Task to carry out:
Please repeat, exactly as they stand, the line containing "ភ្នំពេញ ៖ នៅព្រឹកថ្ងៃទី១៩" and the lines after it through the final line of the listing below, minus pictures.

#####

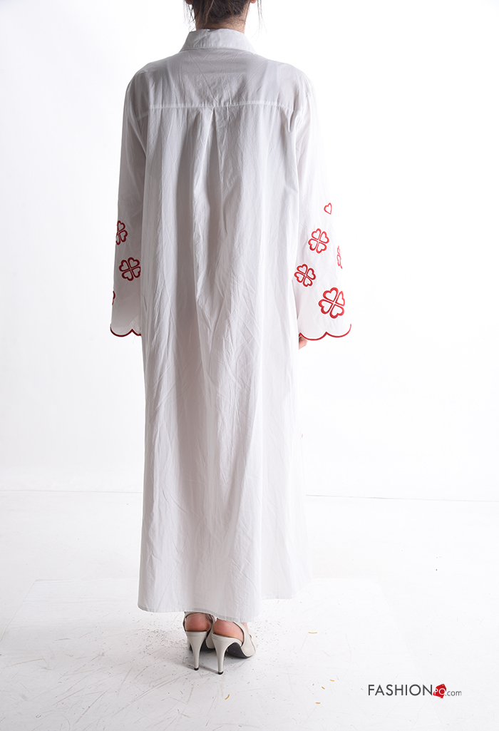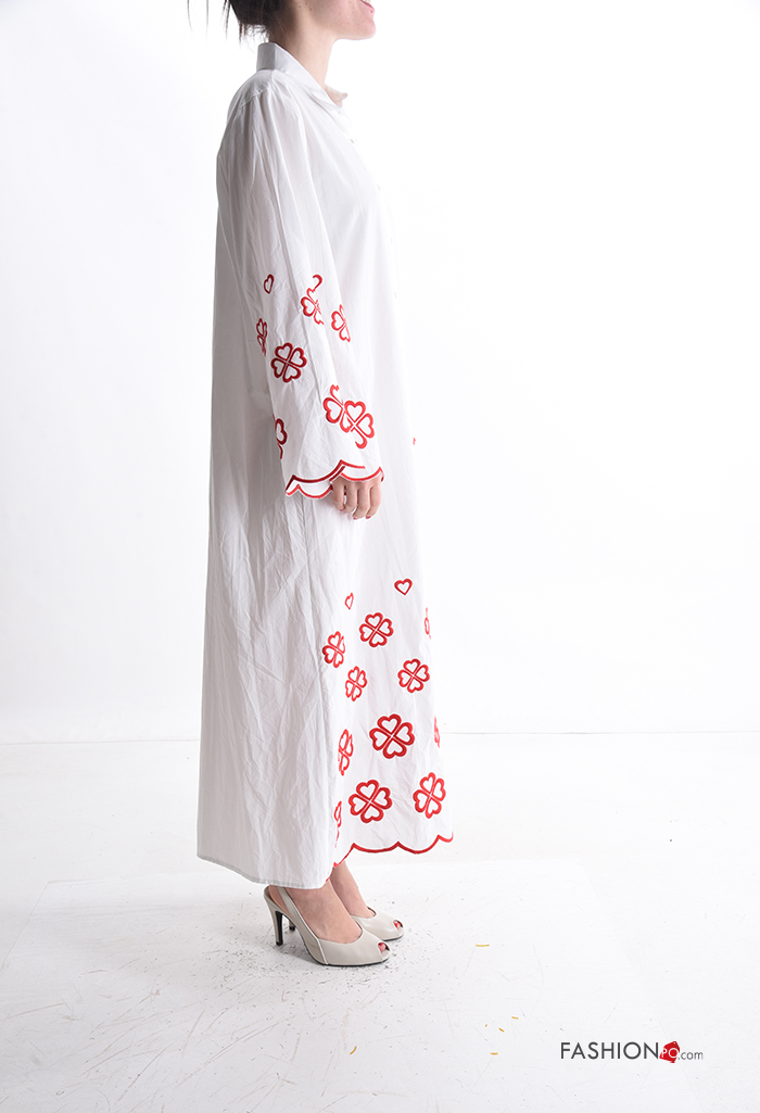 Besticktes Muster lange ärmel mit kragen Blusenkleid aus Baumwolle mit Knöpfen
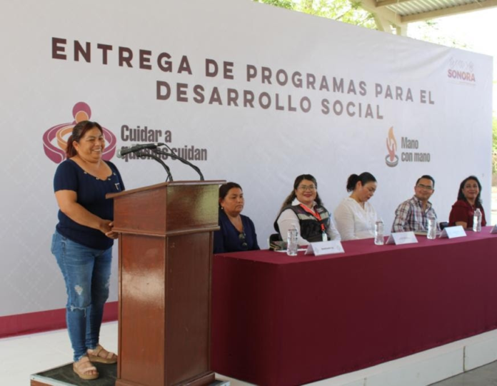 | Caborca, Sonora; a 8 de junio de 2022.- La Secretaría de Desarrollo Social (Sedesson) hizo la entrega de 101 tarjetas bancarias para personas beneficiarias del programa “Mano con Mano”, dirigido al combate de la pobreza extrema, y 41 tarjetas de “Cuidar a quienes Cuidan”, enfocado en reconocer el trabajo no remunerado que realizan personas que cuidan algún familiar neurodivergente, enfermo de cáncer o alguna discapacidad y para este año tienen proyectado entregar hasta 310 tarjetas en Caborca. Patricia Duarte, directora general de Programas Sociales, en representación de Wendy Briceño Zuloaga, secretaria de Desarrollo Social, recalcó que “Cuidar a quienes Cuidan” es una iniciativa que no tiene precedente en el país, ya que procura garantizar el derecho al ingreso de personas que están a cargo del cuidado de sus familiares, en su gran mayoría mujeres. Así mismo, resaltó a los presentes que la entrega del recurso será a través de estas tarjetas, lo que garantizará la transparencia del programa, para que verdaderamente llegue a quien más lo necesita. Por su parte Irene Martínez Cruz, beneficiaria del programa “Mano con Mano”, agradeció al gobernador Alfonso Durazo por hacer llegar estos apoyos al municipio de Caborca y a sus comunidades; además, reconoció la ardua labor de los Caminantes por la Transformación, los brigadistas de la dependencia. Mientras que Audelia Zavala, beneficiaria del programa, reconoció el apoyo, ya que ella, al igual que muchas madres que tienen hijos con alguna discapacidad, le resulta complicado salir a trabajar por estar dedicada a su cuidado. Por otro lado, Patricia Duarte recordó que Marcia Yeanet Estrada Valenzuela, coordinadora de Vinculación Regional de Sedesson, es el puente para cualquier trámite, apoyo o inquietud que los caborquences pudieran tener sobre el programa. También estuvieron presentes en el evento Saira Jazmín Castañeda Cisneros, coordinadora de Caminantes por la Transformación del Alto Golfo y Gran Desierto; y Carlos Alberto Quijada Marcial, director de Desarrollo Social Municipal. |
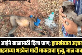 आईने बाळासाठी दिला प्राण; हातखंब्यात अज्ञात वाहनाच्या धडकेत मादी माकडाचा मृत्यू, बाळ वाचले
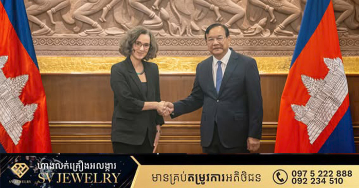 ភ្នំពេញ ៖ នៅព្រឹកថ្ងៃទី១៩ ខែមីនា ឆ្នាំ២០២៦ នៅទីស្តីការក្រសួង ឯកឧត្តមឧបនាយករដ្ឋមន្ត្រី ប្រាក់ សុខុន រដ្ឋមន្ត្រីការបរទេស និងសហប្រតិបត្តិការអន្តរជាតិ បានទទួលជំនួបសម្តែងការគួរសមរបស់ លោកជំទាវ Susan Kleebank អនុរដ្ឋមន្រ្តីការបរទេសទទួលបន្ទុកអាស៊ី និងប៉ាស៊ីហ្វិកនៃក្រសួងការបរទេសប្រេស៊ីល ក្នុងឱកាសដែលលោកជំទាវអញ្ជើញមកបំពេញទស្សនកិច្ចការងារ ដើម្បីធ្វើជាសហប្រធាននៃកិច្ចប្រជុំពិគ្រោះយោបល់ទ្វេភាគីលើកទី២ រវាងកម្ពុជា-ប្រេស៊ីល នៅរាជធានីភ្នំពេញ។
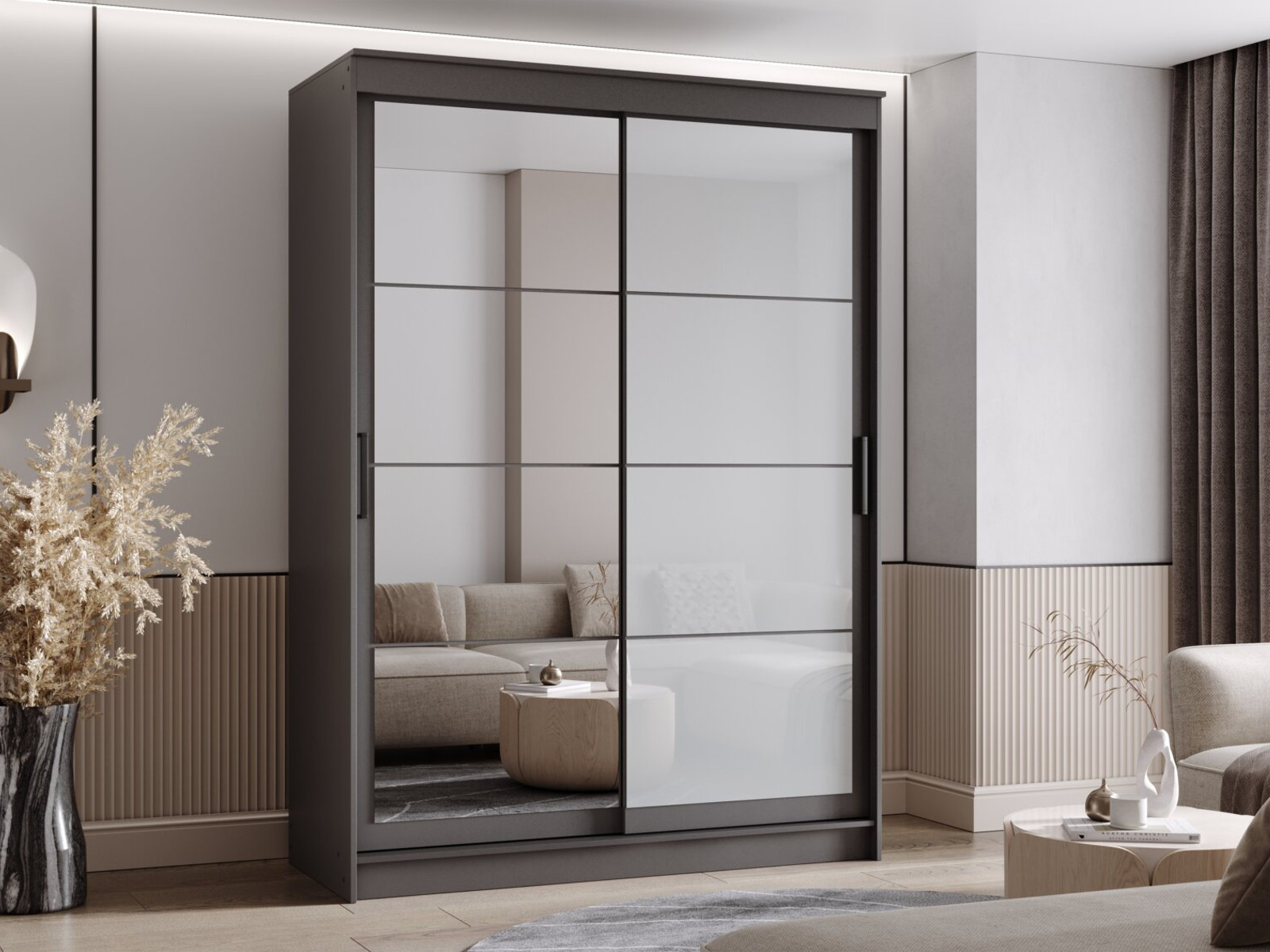 - Шкаф-купе Гранд-1 1600 Графит-двери Зеркало-Лакобель белый
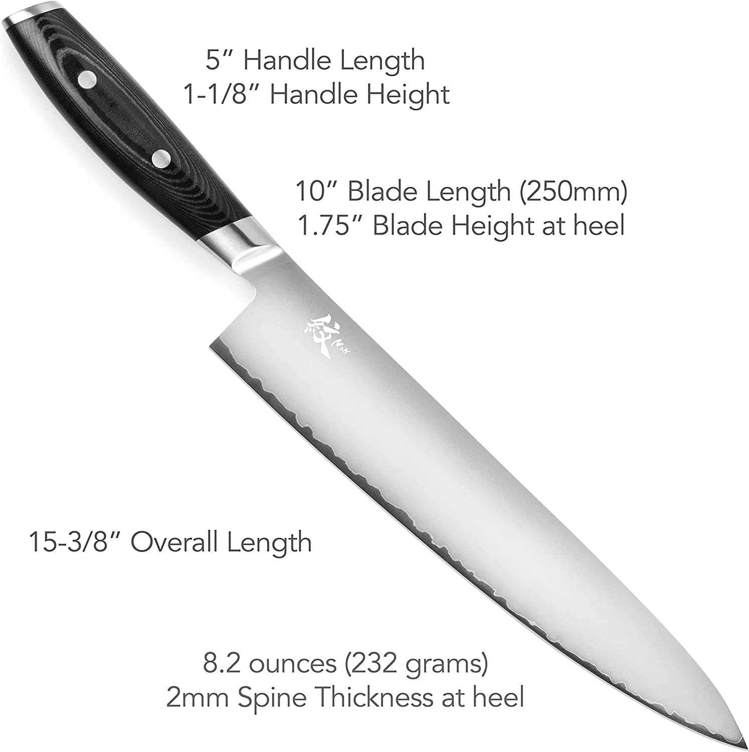 Blade core is made from 3-layer Japanese Cobalt Molybdenum Vanadium VG10 superior stainless steel, clad by high quality stainless steel from both sides.
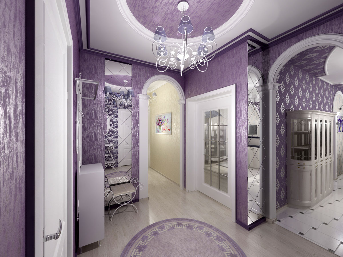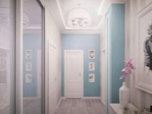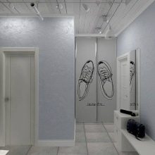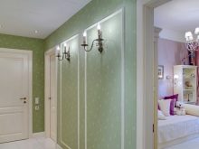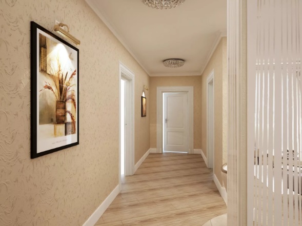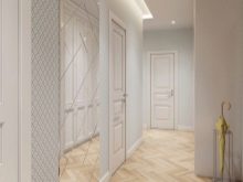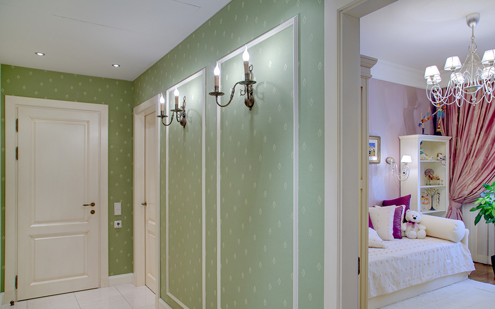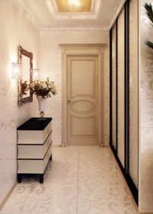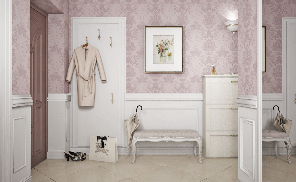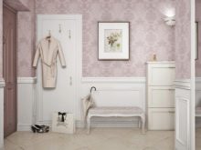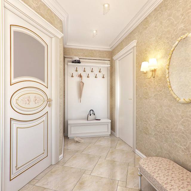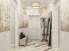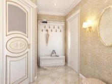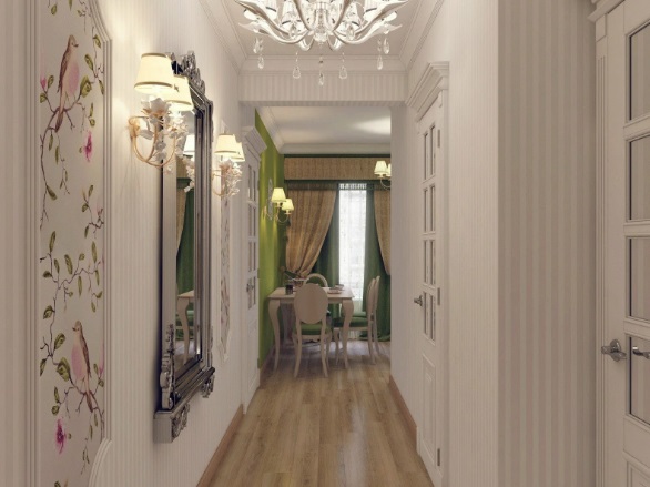 Wenn die gesamte Wohnung ursprünglich klassisch geplant war, sieht man im Flur unter den hellen Türen helle Tapeten mit kleinen Blumen, Schmetterlingen oder Locken. Dieses Dekor ist in den letzten Jahren sehr relevant.
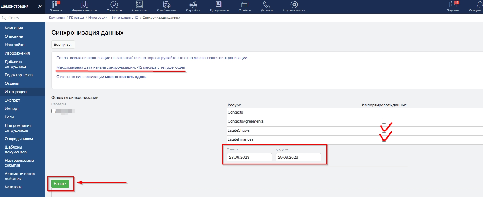 Отметьте галочками сущности, которые требуется синхронизировать, укажите дату начала синхронизации и нажмите кнопку Начать:
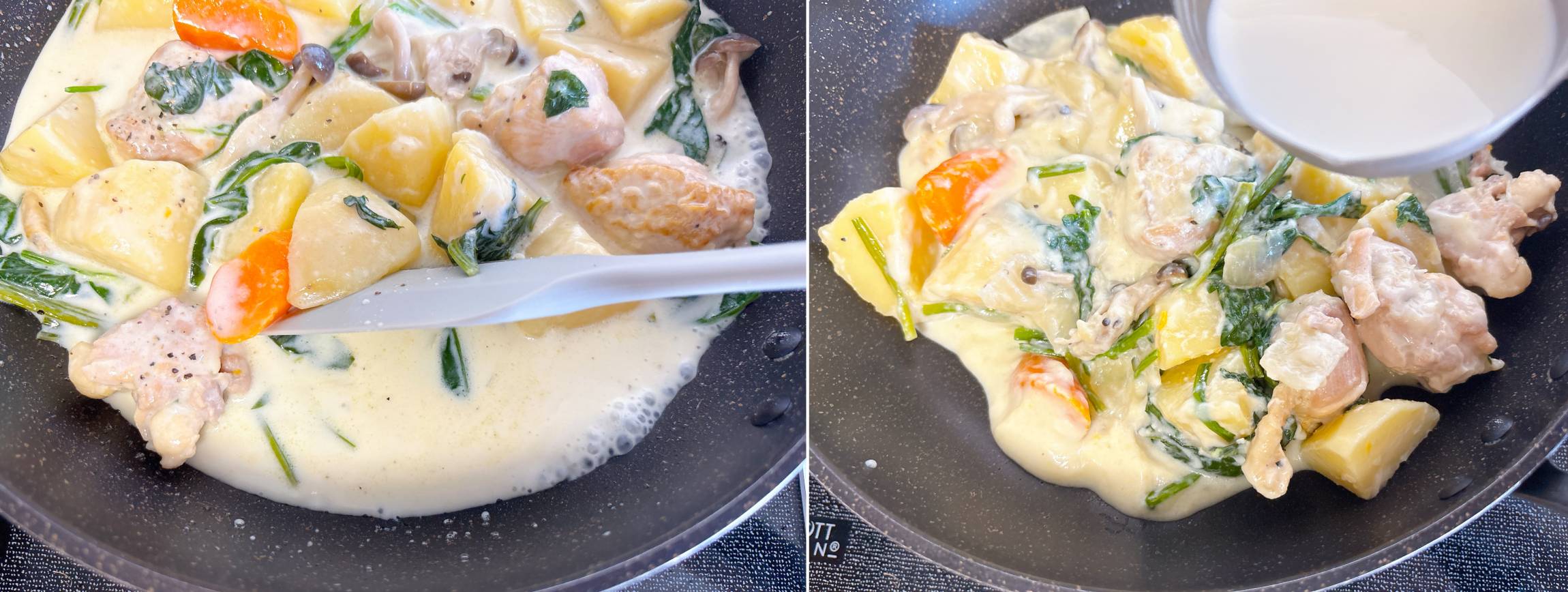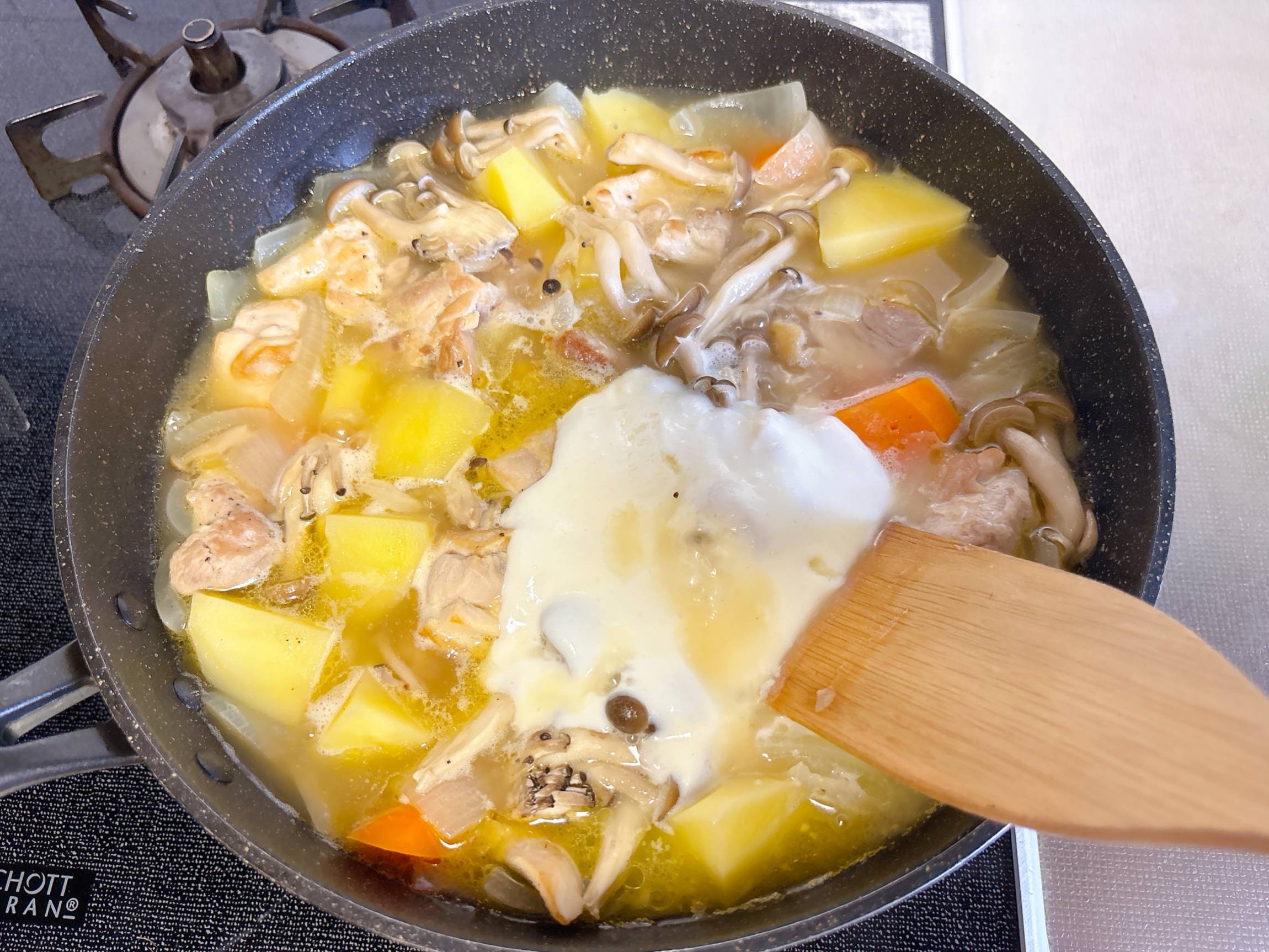 ※そのままシチューを作るのでフライパンは大きめのものを使用してください。

#####

Solution to this problem:
 ភ្នំពេញ ៖ នៅព្រឹកថ្ងៃទី១៩ ខែមីនា ឆ្នាំ២០២៦ នៅទីស្តីការក្រសួង ឯកឧត្តមឧបនាយករដ្ឋមន្ត្រី ប្រាក់ សុខុន រដ្ឋមន្ត្រីការបរទេស និងសហប្រតិបត្តិការអន្តរជាតិ បានទទួលជំនួបសម្តែងការគួរសមរបស់ លោកជំទាវ Susan Kleebank អនុរដ្ឋមន្រ្តីការបរទេសទទួលបន្ទុកអាស៊ី និងប៉ាស៊ីហ្វិកនៃក្រសួងការបរទេសប្រេស៊ីល ក្នុងឱកាសដែលលោកជំទាវអញ្ជើញមកបំពេញទស្សនកិច្ចការងារ ដើម្បីធ្វើជាសហប្រធាននៃកិច្ចប្រជុំពិគ្រោះយោបល់ទ្វេភាគីលើកទី២ រវាងកម្ពុជា-ប្រេស៊ីល នៅរាជធានីភ្នំពេញ។
 - Шкаф-купе Гранд-1 1600 Графит-двери Зеркало-Лакобель белый
 Blade core is made from 3-layer Japanese Cobalt Molybdenum Vanadium VG10 superior stainless steel, clad by high quality stainless steel from both sides.
 Wenn die gesamte Wohnung ursprünglich klassisch geplant war, sieht man im Flur unter den hellen Türen helle Tapeten mit kleinen Blumen, Schmetterlingen oder Locken. Dieses Dekor ist in den letzten Jahren sehr relevant.
 Отметьте галочками сущности, которые требуется синхронизировать, укажите дату начала синхронизации и нажмите кнопку Начать:
 ※そのままシチューを作るのでフライパンは大きめのものを使用してください。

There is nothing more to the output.